Provided data.
# # # #

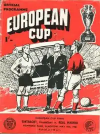 The 1960 European Cup Final was the fifth final in the history of the European Cup, and was contested by Real Madrid of Spain and Eintracht Frankfurt of West Germany.[2] Real won 7–3 in front of a crowd of over 127,000 people at Glasgow's Hampden Park stadium, still the highest attendance for a European Cup final. There were an estimated 70 million television viewers around Europe. Widely regarded as one of the greatest football matches ever played,[3] it also currently remains the highest-scoring final in the history of the competition.[4]
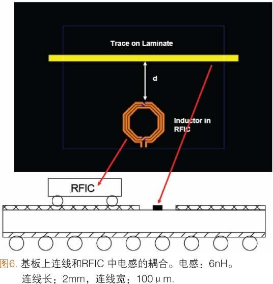 為了對主時鐘線和RF元件之間的相互作用進行分析,把壓控振蕩器(VCO)中使用的RF電感(6.0nH)放置在穿通多層襯底的時鐘互連線附近(圖6)。我們在這個研究中使用的互連線長為2.0mm。當VCO電感和互連線之間的橫向距離(d)大于0.5mm時,產(chǎn)生的耦合信號將小于-80.0dB。耦合信號的實際要求由SiP系統(tǒng)級電設(shè)計決定。
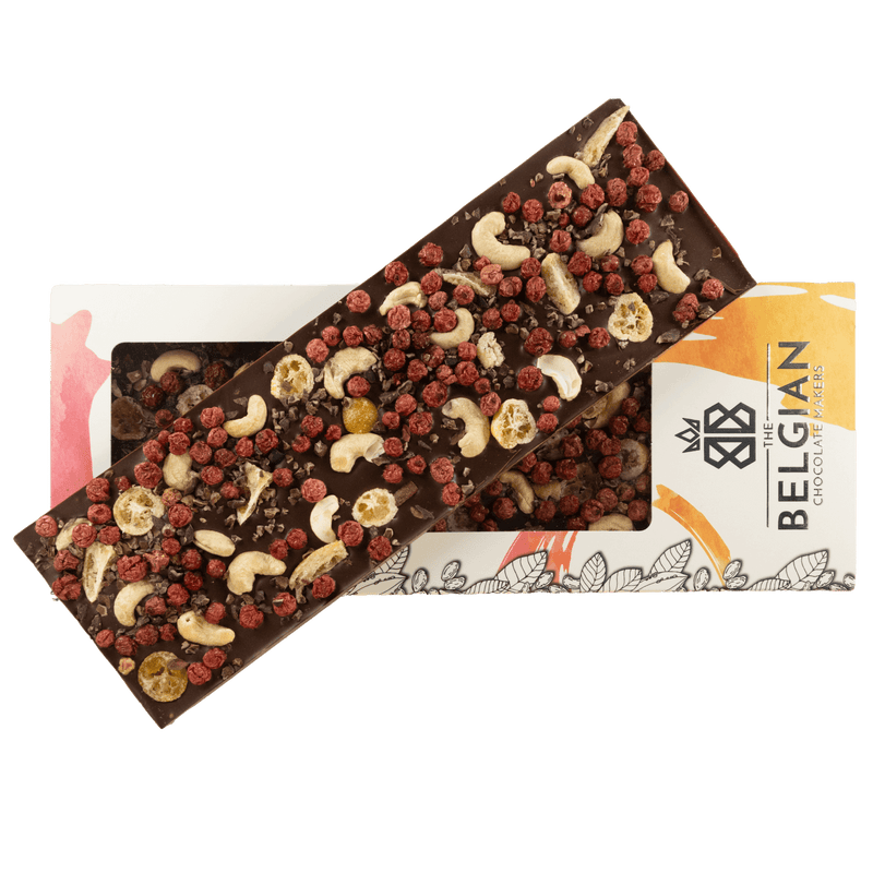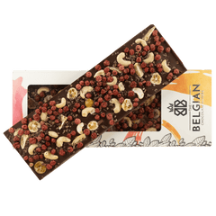 Scoprite la nostra tavoletta di cioccolato fondente Fantasy da 550 g, realizzata con cacao, anacardi, kumquat e pezzi di ribes rosso. Una delizia belga oversize, perfetta per essere regalata o condivisa.
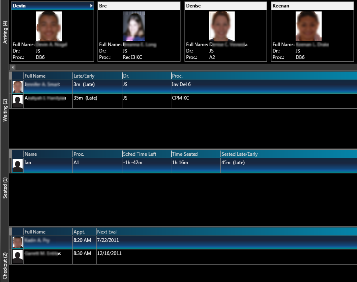 - The Patient Tracker is divided into several sections: Arriving, Waiting, Seated, and Checkout so you can tell at a glance the overall appointment flow in your office. You can use your Patient Tracker user options to select which sections to display on your computer screen.
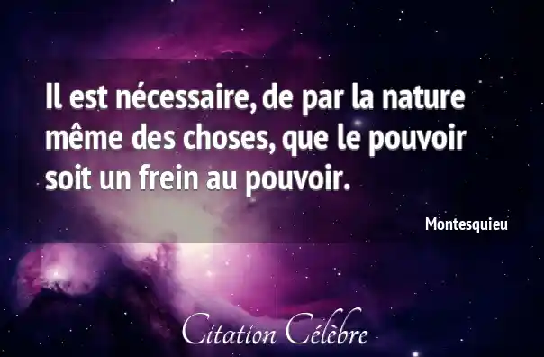 Il est nécessaire, de par la nature même des choses, que le pouvoir soit un frein au pouvoir.
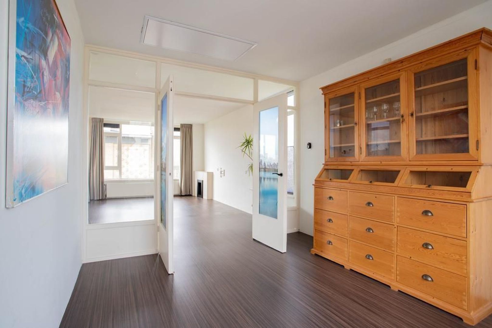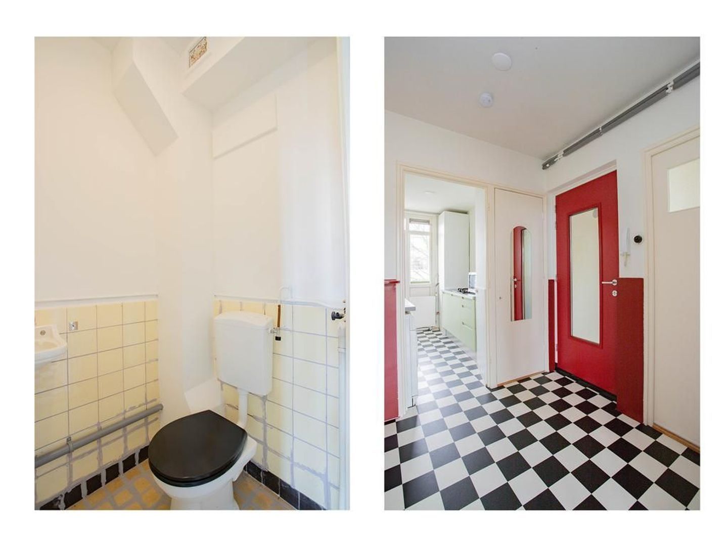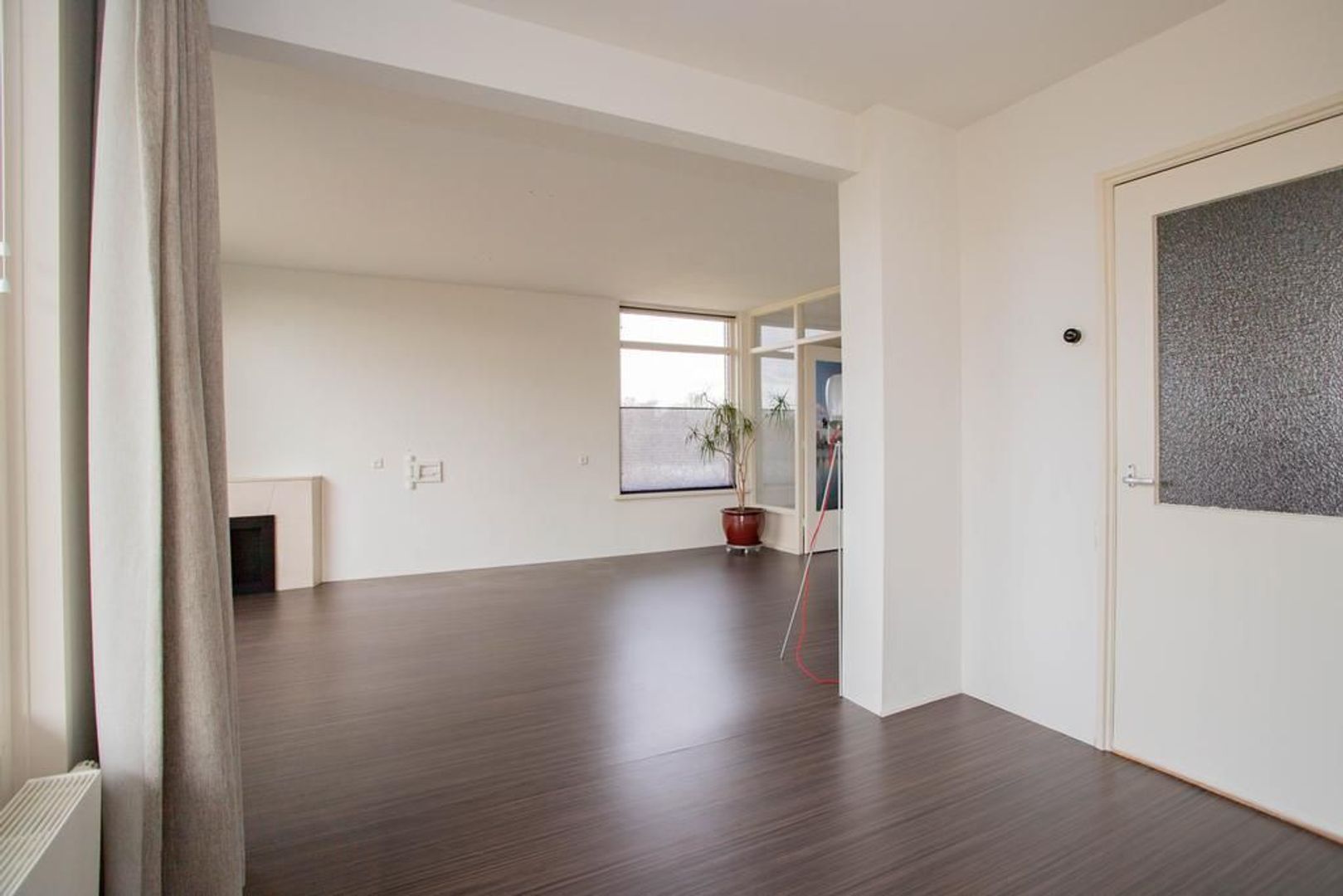 Je komt binnen via de entree. Entree met separaat toilet, een nis waarin nu een kapstok is geplaatst en de meterkast. Deze woning is eenvoudig van driekamer appartement naar vierkamer appartement om te bouwen. Door van de nis in de hal een nieuwe doorgang te maken naar de woonkamer, is de eetkamer gemakkelijk als vierde kamer te gebruiken. Een binnendeur is hiervoor al beschikbaar.
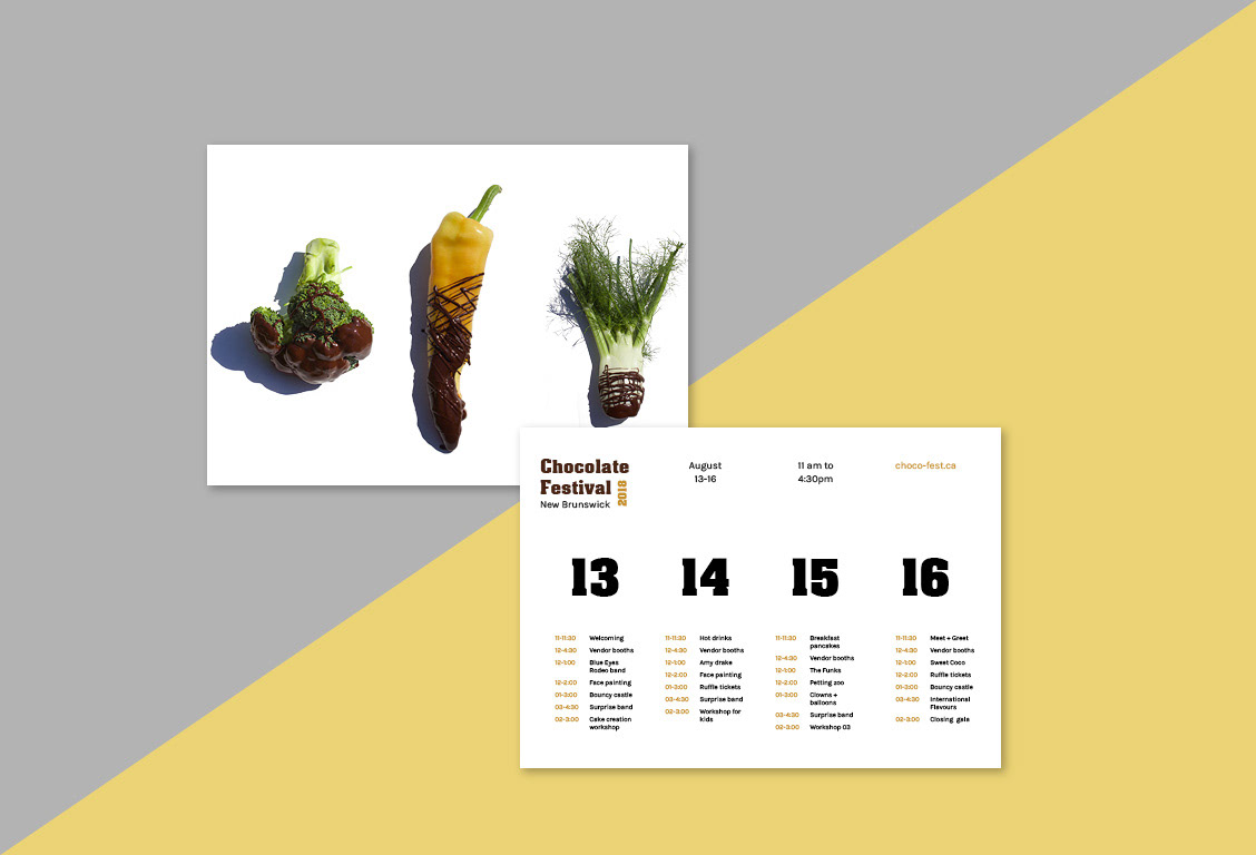 I wanted to create a playful branding campaign that promotes the Chocolate Festival in New Brunswick. I went along with the concept of dipping vegetables in chocolate as a way to attract the viewer's attention. The idea was inspired by how most kids will eat anything that has chocolate in it. I grew up hearing parents say "if you eat your vegetables at dinner time, you can have a treat". This sentence was the inspiration starting point to developing this concept, using humour as a marketing tool.

# # # #

What you have to do. The copy should hold only the lines from the one with "Scoprite la nostra" through the one with "Il est nécessaire, de", exactly as they stand above. Leave out the pictures.

Answer for the task.
 Scoprite la nostra tavoletta di cioccolato fondente Fantasy da 550 g, realizzata con cacao, anacardi, kumquat e pezzi di ribes rosso. Una delizia belga oversize, perfetta per essere regalata o condivisa.
 - The Patient Tracker is divided into several sections: Arriving, Waiting, Seated, and Checkout so you can tell at a glance the overall appointment flow in your office. You can use your Patient Tracker user options to select which sections to display on your computer screen.
 Il est nécessaire, de par la nature même des choses, que le pouvoir soit un frein au pouvoir.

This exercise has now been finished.